Иштрилл покачала головой.
– Я больше не вернусь к отцу. Он не смог защитить мать. Не захотел. И не станет защищать меня. Мне нечего делать в лесу. Я хочу найти мать.
В первый момент я аж закашлялся. Неужели она всерьез надеется, что ее мать еще жива? А потом представил себя на ее месте. Если бы у меня пропал кто-то… отец. Если бы я знал, что он ушел вот так, в эту пустыню, и не вернулся… Да, скорее всего, она погибла. И Иштрилл это знает. Почти не сомневается. Почти. Мне это «почти» отравляло бы жизнь до тех пор, пока я не убедился бы сам. Лично. Или хотя бы не попытался. Вот только мне хотя бы есть, куда возвращаться.
Я не считал себя вправе спрашивать. Не мое это дело. Эта эльфийка по-прежнему остается врагом. Мы не испытываем друг к другу добрых чувств, да к тому же я отчасти оказался виноват в том, что она вынуждена уйти из родного края. Сделал ее изгоем. И все-таки не удержался.
– А что ты будешь делать потом? Когда найдешь. Или не найдешь. Свою мать.
Девушка искоса посмотрела на меня.
– Скажи, человек, у тебя есть родные? Кто-нибудь, кого ты любишь. К кому ты стремишься вернуться. Не потому что должен, а потому, что тебя ждут?

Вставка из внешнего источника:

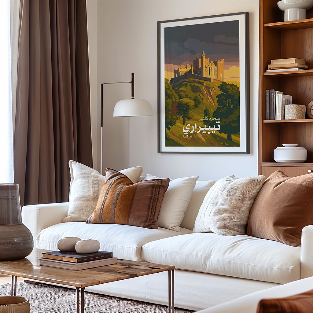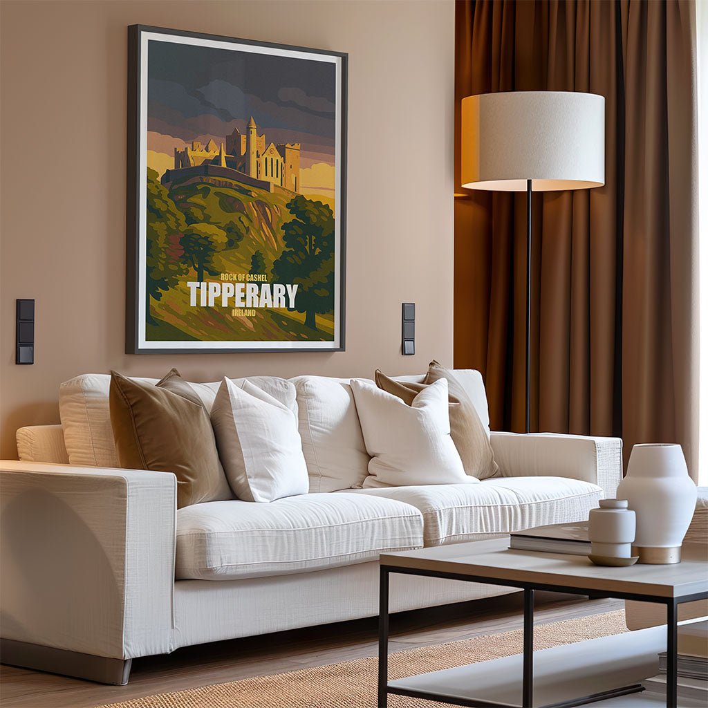 Capture the magic of Irish heritage with this striking Tipperary wall art print, featuring the iconic Rock of Cashel. Bathed in rich sunset tones of ochre, forest green, and violet grey, this vintage style poster transforms one of Ireland’s most legendary landmarks into a timeless piece of wall decor.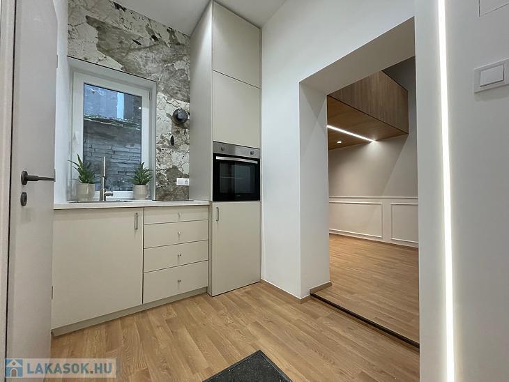Felújított, galériás földszinti lakás eladó a VII. kerületben, a csendes és rendezett Alpár utca egyik nyugodt társasházában.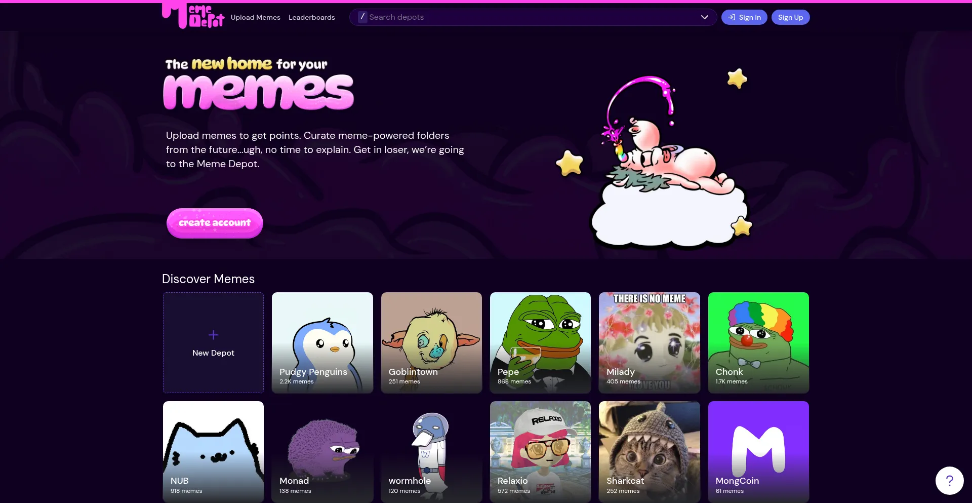 Home to the best memes on the internet. Create depots to house all your images, GIFs, and videos.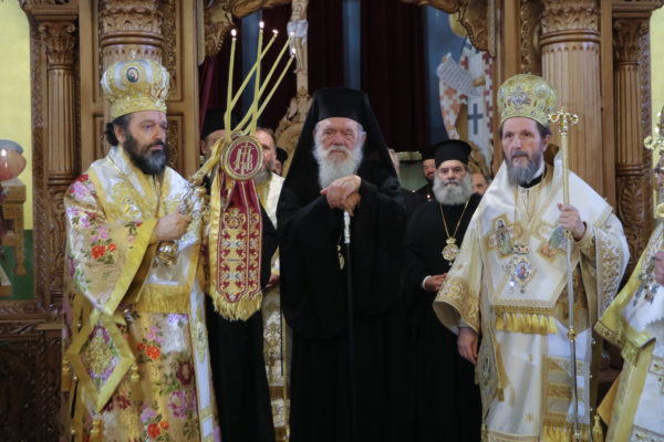 Παρουσία του μακαριωτάτου Αρχιεπισκόπου Αθηνών και πάσης Ελλάδος κ. Ιερωνύμου, της πολυαρχιερατικής Θείας Λειτουργίας προέστη ο σεβασμιώτατος Μητροπολίτης Γλυφάδας κ. Αντώνιος, συλλειτουργούντων των σεβασμιωτάτων Μητροπολιτών Σύρου κ. Δωροθέου, Σιδηροκάστρου κ. Μακαρίου, Χαλκίδος κ. Χρυσοστόμου, Κορίνθου κ. Διονυσίου, Μεσσηνίας κ. Χρυσοστόμου, Ιλίου κ. Αθηναγόρα, Θεσσαλιώτιδος κ. Τιμοθέου και Φαναρίου κ. Αγαθαγγέλου.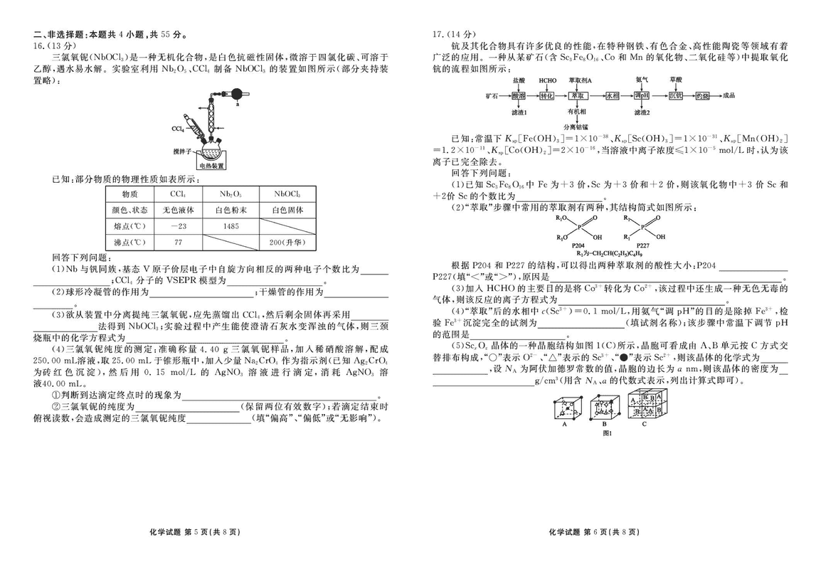 十堰市2025届高三下学期五月份适应性化学试题及答案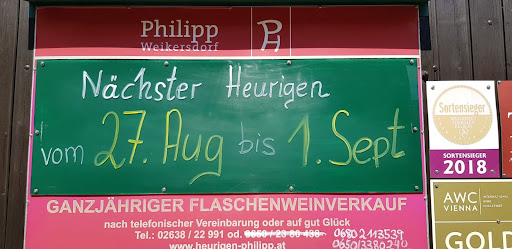 A perfect place to be - with the most enjoyable food and award-winning wines from own production. To my observation these wines have been developed by cumulating the experience and knowhow of many generations of the family Philipp with a lot of love and care. When this Heurigen is open (in Austrian "ausg'steckt"), I'll try my best to come...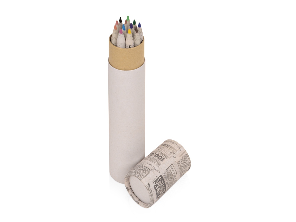 Набор цветных карандашей, выполненных в оригинальном корпусе из имитации газетной бумаги. Благодаря пеналу в форме тубуса удобно хранить или брать с собой. Набор состоит из карандашей 12 цветов. Тампопечать (1 цвет (цветные изделия)) на данный товар осуществляется бесплатно. Оплачивается только настройка оборудования в размере 4500 рублей на весь тираж.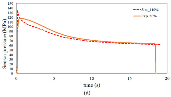 Injection pressure history curves used to perform machine calibration: (a) original injection pressure history curves at the 50% injection speed settings for both simulation and experiment, (b) schematic plots for the total driving force of the real experimental and simulation systems, (c) comparison of the history of injection pressure between the simulation and experiment at various injection speeds from 30% to 130%, (d) the matched pair for both the simulation and the experiment, where the simulation 110% injection speed setting is matched with the experimental 50% injection speed setting.
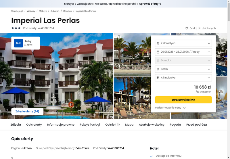 Aktualizacja: Wypoczynek w Meksyku: 3* hotel z all inclusive przy plaży od 4625 zł (dużo terminów)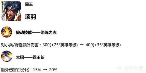 提升等级:项羽大招霸王斩的被动效果为对比自己等级低。或者和自己等级相同的单位造成额外15%的伤害(在体验服当中已经上升至20%)而打野位置是众所周知的经验分配最多的位置。打野项羽很容易就能到达高等级。并利用大招打出致命输出。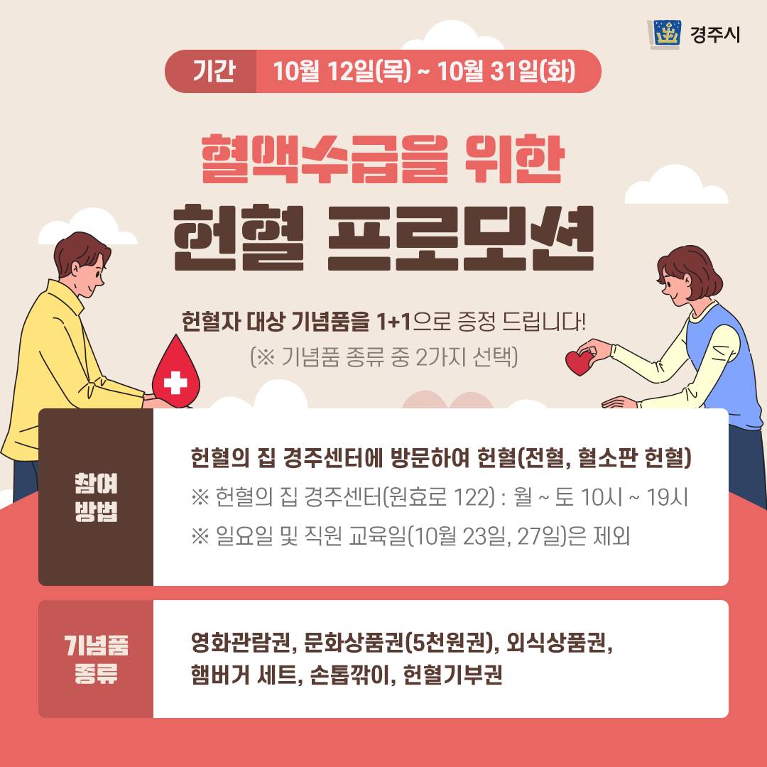 - 기간 : 10월 12일(목) ~ 10월 31일(화)- 참여방법 : 헌혈의 집 경주센터에 방문하여 헌혈 (전혈, 혈소판 헌혈)※ 헌혈의 집 경주센터(원효로 122) : 월 ~ 토 10시 ~ 19시※ 일요일 및 직원 교육일(10월 23일, 27일)은 제외

Я отрицательно покачал головой.
– Но ты все равно хочешь вернуться. Потому что веришь, что можешь помочь своему народу. А я не хочу помогать своему народу. Мне не к кому возвращаться. Ты спрашиваешь, что я собираюсь делать. Я не знаю. Я подумаю об этом после. А пока я буду искать следы матери. Или те удивительные сокровища, о которых все говорят, но никто не видел. Мы вместе пройдем пустынные места, вдвоем безопаснее. А потом разойдемся. Поделим припасы пополам.

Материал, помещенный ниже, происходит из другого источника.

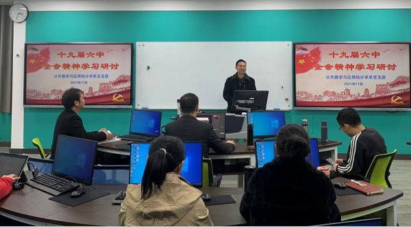 根据学院党委和支部“三会一课”学习教育活动安排,11月30日下午,公共数学与应用统计学系党支部全体党员,在特立北101开展了“中国共产党第十九届六中全会精神学习研讨”主题党日活动。学院党委书记曾玉华和系支部书记李明亮先后讲党课,其他党员同志都积极讨论发言。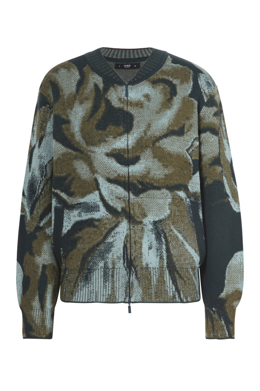 Dit bijzondere gebreide bombervest van Ivko is een echte blikvanger. Het jacquard-patroon in diepe groenen en warme bruintinten doet denken aan een impressionistisch bloemmotief, modern en tijdloos tegelijk. Gemaakt van een zachte wolmix met een comfortabele fit en ritssluiting.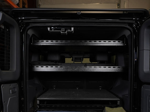 Need more cargo management? The Grenadier Upper Deck adds a whole new level of storage. With a quick spin of 2 levers the Upper Deck folds down and allows about 7 inches of storage space between the roof and the Upper Deck tray. This system comes with (2) adjustable dividers and a 1/8 inch thick EVA foam peel and stick mat. This keeps all your gear securely in place. Plenty of tie down location for bungee’s or straps.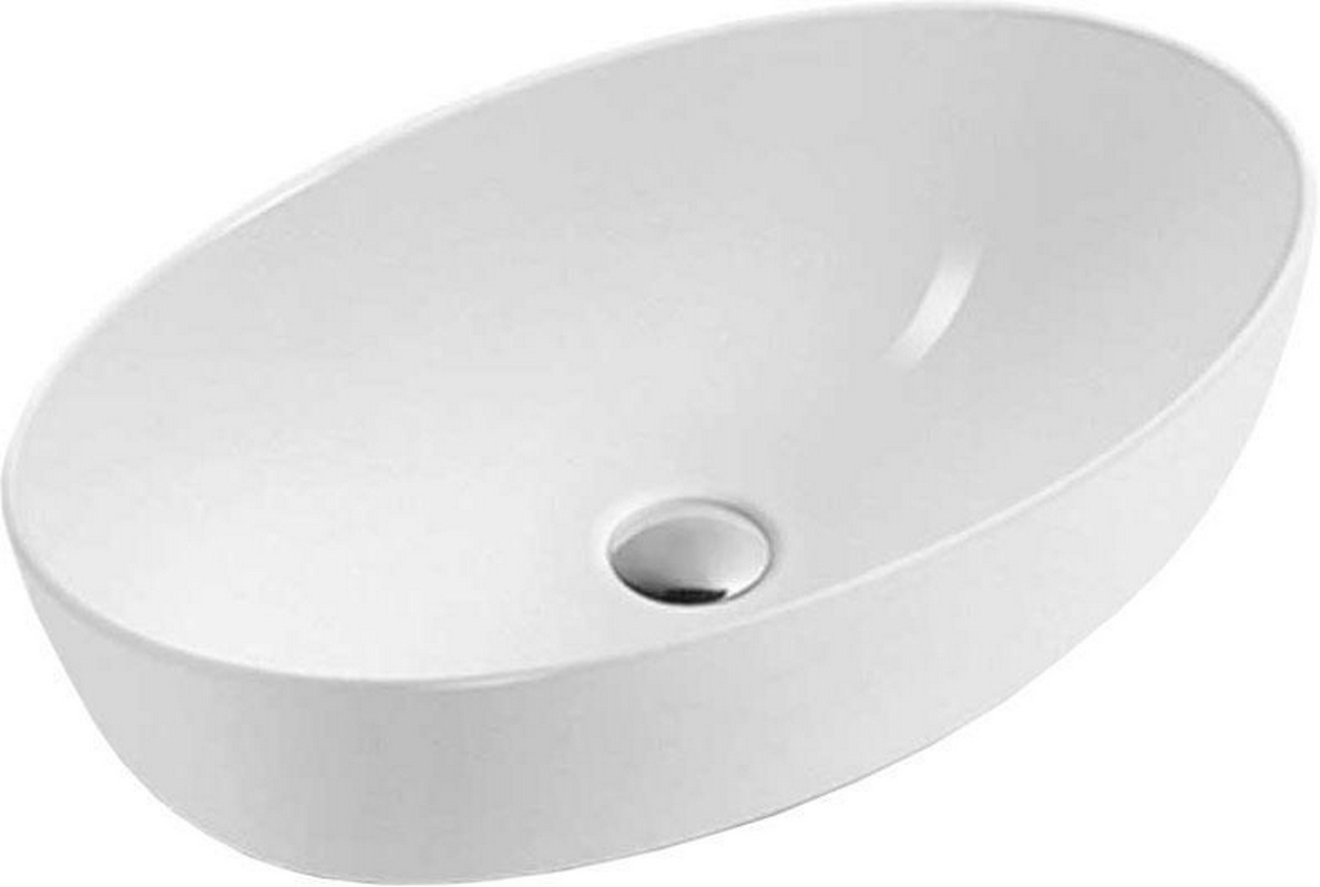 Раковина накладная на столешницу, овальная 650х415хh125мм, без отв.д/смесит., без перелива, (цв. белый), Ghost

– Хорошо. – Я кивнул и поднял рюкзак с водой. Потом все-таки выдавил: – Прости, что так получилось. Я не люблю первородных, но ты мне зла не делала. Жаль, что из-за меня тебе приходится уйти.
– Это произошло бы раньше или позже. Или я стала бы такой, какой хотел видеть меня отец. Я не хочу становиться такой, какой хотел видеть меня отец. Так что я должна быть тебе благодарна, человек. И, наверное, буду благодарна. Когда-нибудь.
Глава 6
Дорога была однообразна. Камни, щебень, кусты. Белесое небо над головой, ярко-белое солнце и ветер. Правда, иногда встречались трупы первородных. Первый встретился нам спустя несколько часов пути. Выглядел он страшно – высохший, но не тронутый тлением. Мы внимательно осмотрели тело. Эльф умер от того, что кто-то перерезал ему горло.
– Возможно, он не мог больше идти, – мрачно пояснила Иштрилл. – Или они просто поссорились с кем-то. А может, у него еще оставалась вода, а у других – нет.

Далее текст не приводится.